Movie Mom

Movie Mom

‘The Help’ — Octavia Spencer

posted by Nell Minow

Octavia Spencer knows the character of Minny in The Help better than anyone else.  Not only did she perform the part with the author on her book tour and in the audio book edition, but it was her outspoken ebullience and confidence that helped to inspire the character when Kathryn Stockett was first writing the story.  She spoke to a small group of online journalists on the set in Mississippi last August.


“The character of Minny is very, very loosely based on me,” she told us.

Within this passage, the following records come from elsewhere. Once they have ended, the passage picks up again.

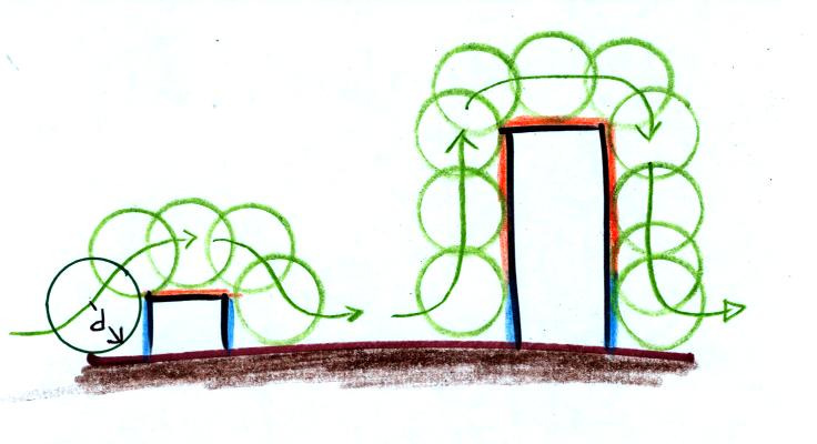 In the rolling sphere method, you imagine rolling a sphere of radius d
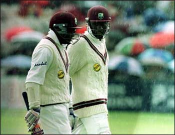 Cornhill Test - Day 1RAIN RELIEF: Wavell Hinds and Brian Lara get a respite from the English bowlers as rain halts play with the score 27 for 2.Laurence Griffiths/ALLSPORT BACK NEXT |
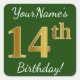 Sticker Carré Vert, Faux Gold 14e anniversaire + Nom personnalis
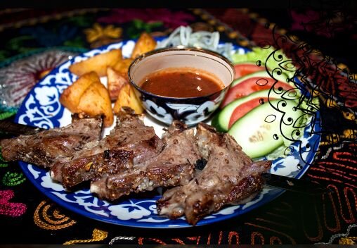 Шашлык из каре ягненка является одним из самых вкусных блюд. Убедитесь в этом сами! Состав; каре (ребра) баранины, специи, гарнир, помидоры, огурцы, лук, соус
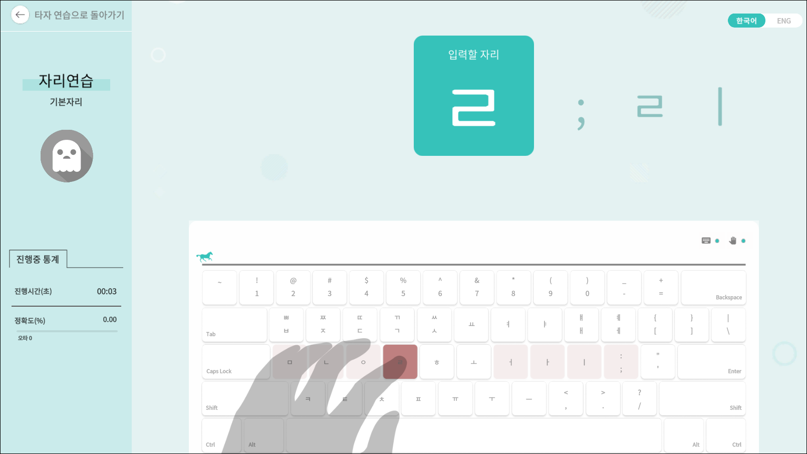 • 손가락 위치(F, J 키 기준)를 항상 고정합니다.
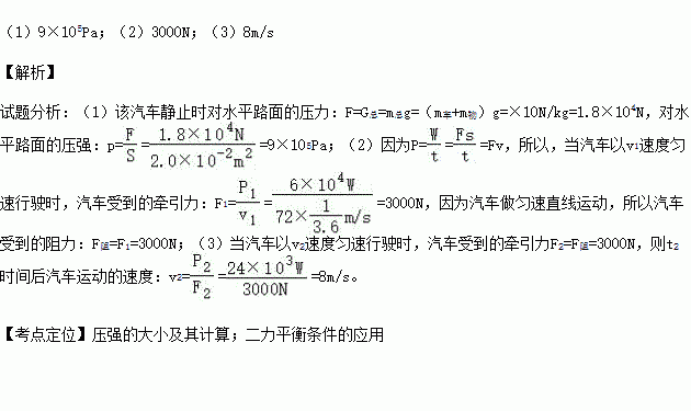 (1)该汽车静止时对水平路面的压强.
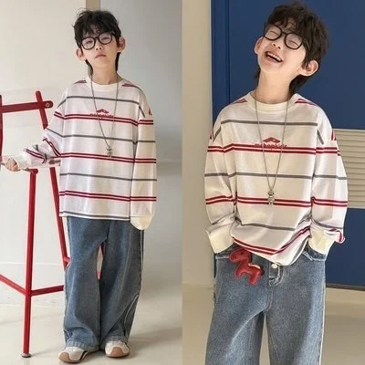 # 스트라이프티셔츠+데님바지SET
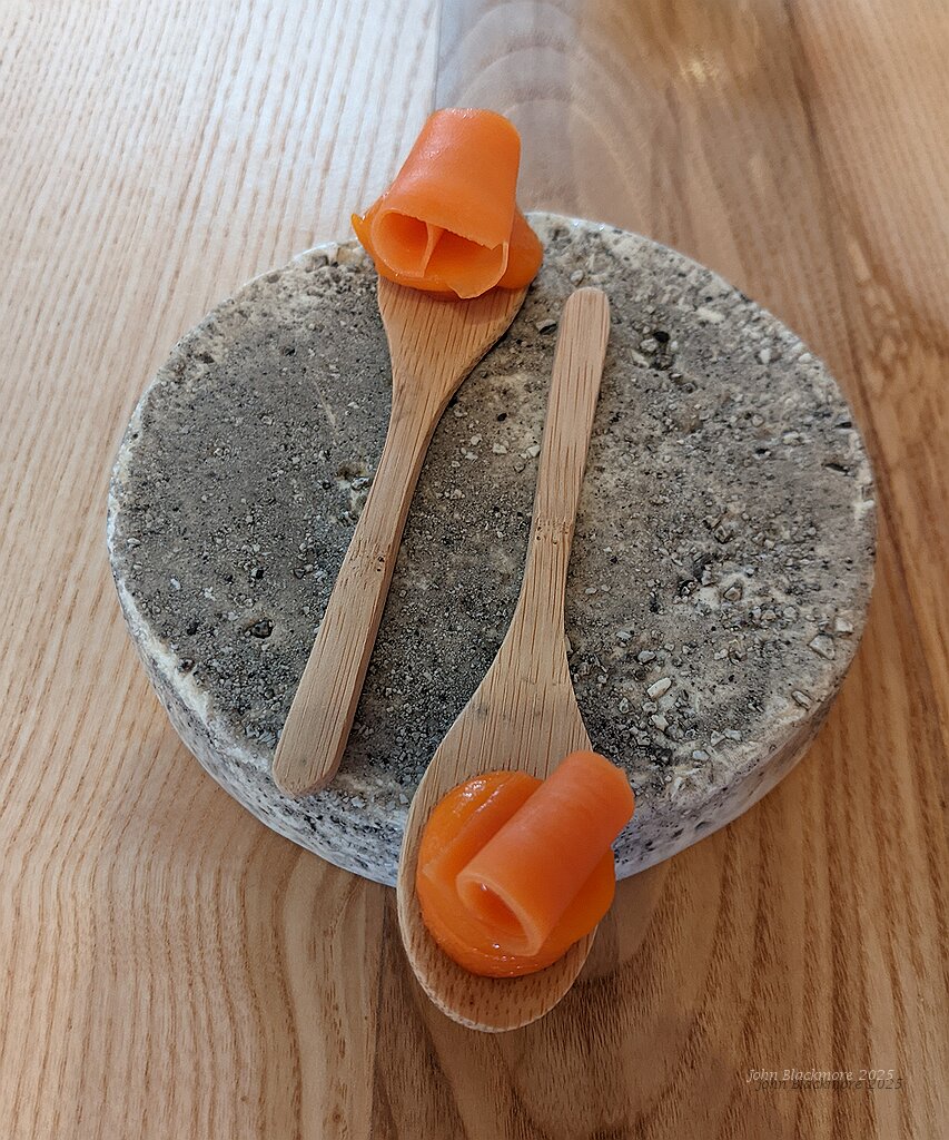 marinaded scallops, turnip discs, apple and celery, sauce vierge
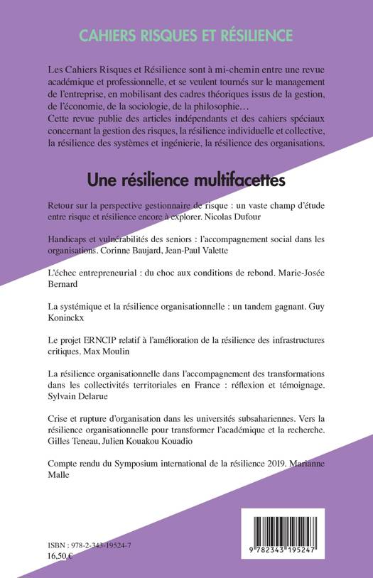 Les Cahiers Risques et Résilience sont à mi-chemin entre une revue académique et professionnelle, et se veulent tournés sur le management de l'entreprise, en mobilisant des cadres théoriques issus de la gestion, de l'économie, de la sociologie, de la philosophie... Cette revue publie des articles indépendants et des cahiers spéciaux concernant la gestion des risques, la résilience individuelle et collective, la résilience des systèmes et ingénierie, la résilience des organisations.
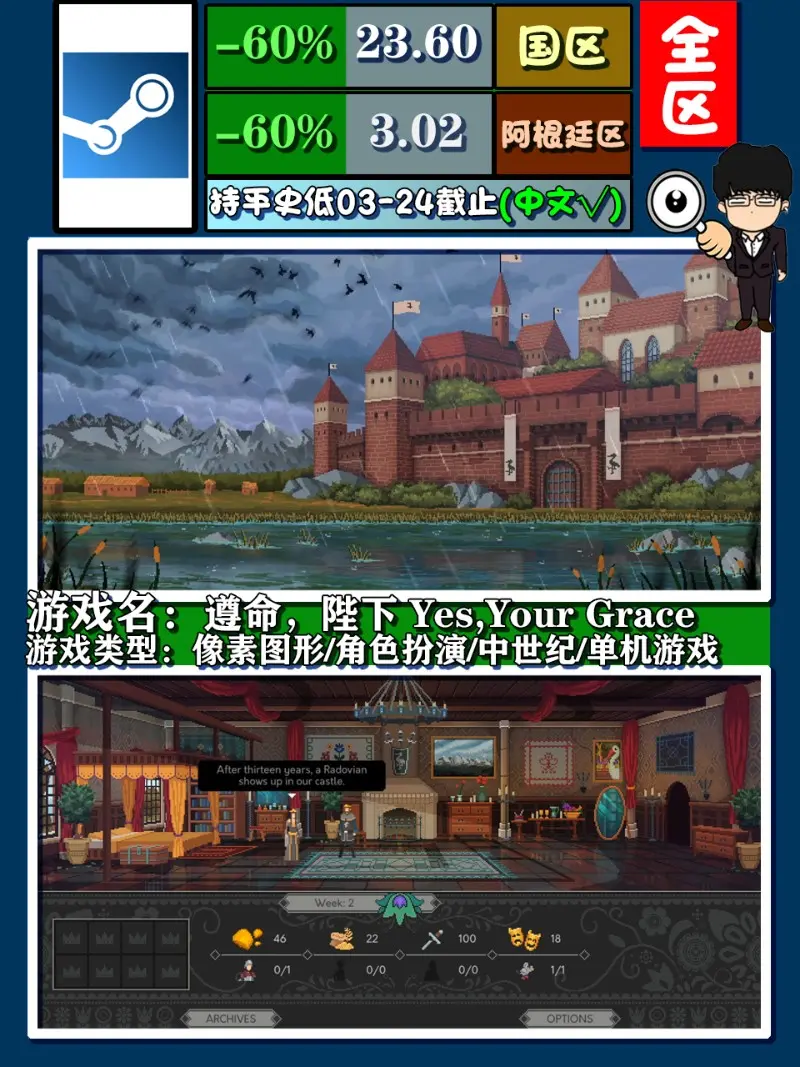 《遵命,陛下》,流程不長,4小時就能玩完的遊戲,單論娛樂程度,算的上中等偏上,非常豐富的劇情,作為國王要照顧到皇宮內外所有事,由於是單一結局,中間過多的選擇取向會讓很多玩家感覺是個騙局,老基德個人推薦別太上頭,享受過程,輕鬆選擇,單論原價位或許不適合,此次持平史低到是個不錯的選擇
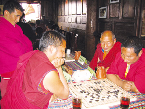 無論如何,藏棋是流傳下來了。過去,藏棋一般是在藏族上層貴族間流傳,之后也傳入了周邊尼泊爾、錫金、不丹等國(guó)。據(jù)說1958年錫金王子去日本訪問時(shí),曾與日本圍棋高手對(duì)弈一種規(guī)則奇特的圍棋,棋盤也是自帶的,引起了日本棋壇的驚異,而這位錫金王子說是學(xué)自西藏僧人。這種奇特的圍棋應(yīng)該就是藏棋。
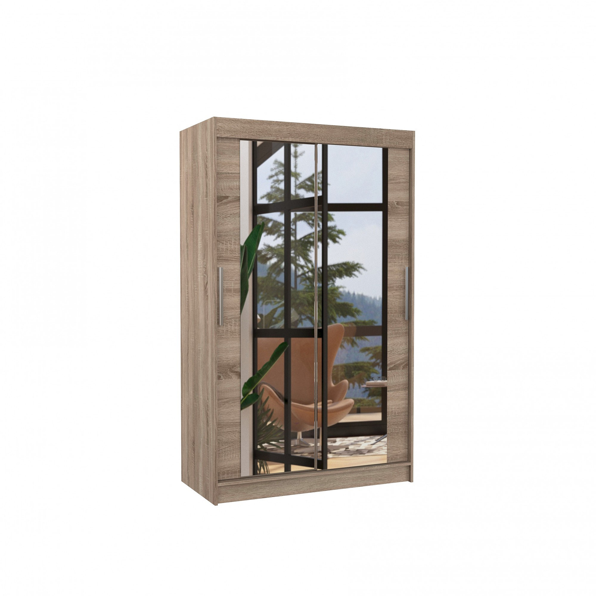 Šatní skriňa s posuvnými dverami a zrkadlom TIBAGO je ideálnym spôsobom, ako usporiadať priestor. Nábytok je vybavený priestrannými policami a tyčou, na ktorú môžete zavesiť šaty, obleky, vrchné odevy alebo košele. Na čelnú stranu boli pripevnené zrkadlá, ktoré opticky zväčšujú priestor a zároveň dodávajú jedinečný štýl. Vďaka tomu, že skriňa je posuvná, nemusíte vyčleňovať ďalšie miesto na otvorenie dverí, čo z nej robí ideálne riešenie pre malú izbu alebo úzku predsieň.
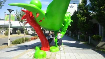 また、美術館への道中にはとっても気になる大きな作品が…これは何でしょう、豆かな??不思議でおもしろいですね。
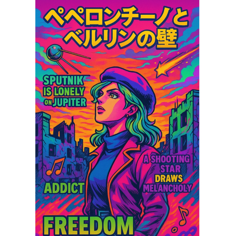 High-energy Japanese rap-rock fusion with fast-paced, dynamic verses and a haunting, melodic hook, Blend aggressive hip-hop beats with live rock instruments—electric guitar riffs, pounding drums, and atmospheric synths, The mood should feel intense, chaotic, and supernatural—like the soundtrack to a ghost-chasing, sci-fi anime, Vocals should be a mix of rapid-fire rapping and eerie, emotional singing, mostly in Japanese with some English phrases for punch, ”, Japanese rap rock, Anime opening, dark hip hop fusion, intense, energetic, neon, chase, glitch, occult, dimension, creepy nuts
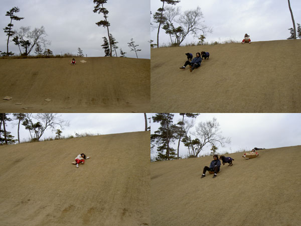 到着すると芝の坂を利用して ソリ遊びのようなことが出来る。 ダンボールが置いてあり早速トライ。 思いのほかスピードが出て面白い。 急な坂で犬たちも上り下りが大変そう。
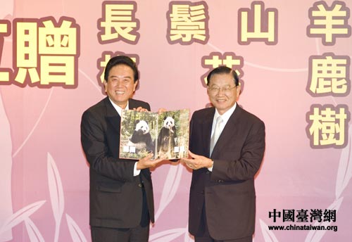 陳云林江丙坤舉行互贈(zèng)儀式,陳云林向江丙坤贈(zèng)送“團(tuán)團(tuán)”、“圓圓”圖譜。中國臺(tái)灣網(wǎng) 田云鵬攝
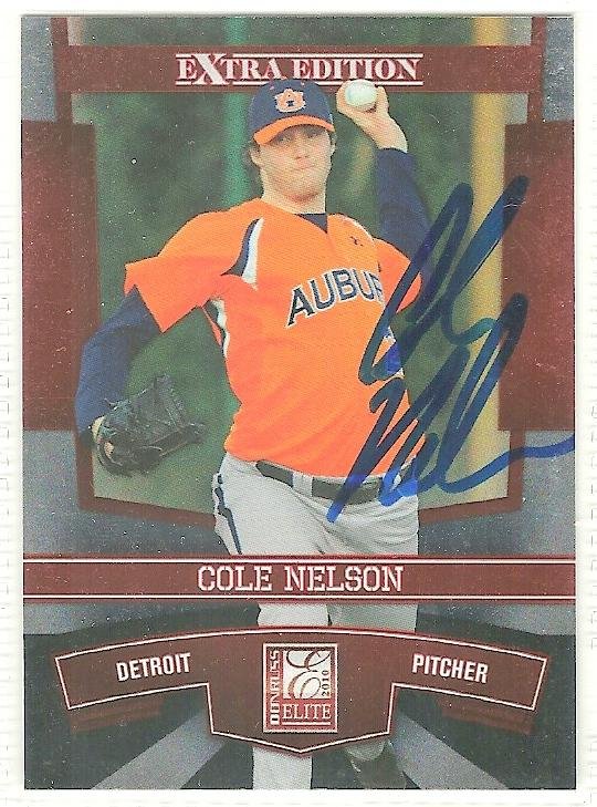 cole nelson signed autographed baseball card 2010 donruss elite extra edition

I met [director] Tate [Taylor]when both were production assistants on “A Time to Kill” in Jackson.  My personality is not the best when I am hungry or hot.  Kathryn Stockett said, “I’m writing a book” and I’m like, “Who isn’t, honey?”  When I got it, I teased her about having a part — “Am I the love interest for Denzel?” I was afraid it was another Mammy.  I hate “Gone With the Wind.”  But then I read the first page – and stayed up all night.


She told us that Taylor is her best friend, like a brother.  She went with Stockett on the book tour because the book is written in alternating first-person narratives and while Stockett was willing to write in dialect, she did not want to read aloud the African-American character’s voices.  Spencer’s agents did not want her to go.  It was pilot season, and they thought she should be available for parts that came up in television.  But she went.  Still, she was afraid she would not get the part in the movie.  “Oh, God, there’s Mo’nique out there.  And Queen Latifah,” she thought.  But she got it.

Some of the challenges included driving the car from the 1960’s — no adjustable seat and no power breaks.  And the clothes of the period: “Girdles and pointy bras.  I’m a 200 lb woman – it’s all pushed in and sweaty.”  This was a different experience for her as an actress.  “I’m usually the humorous and sarcastic person in the drama.  Good to get a chance to use a different set of muscles.  There has to be that sense of what the danger was for these women.”  And, like the other people we spoke to, she was grateful for the inspiration they drew from the location and history of the community.  “Greenwood has a lot of history.  I’m still reconciling that and having it for Minnie.  The book makes that part of history palatable.  It’s about the relationships and the bonds between the characters.” And she spoke about her hopes for what we can learn from a story set half a century ago.  “What I love about this book is that we are having the conversations so that we can stop having the conversations.”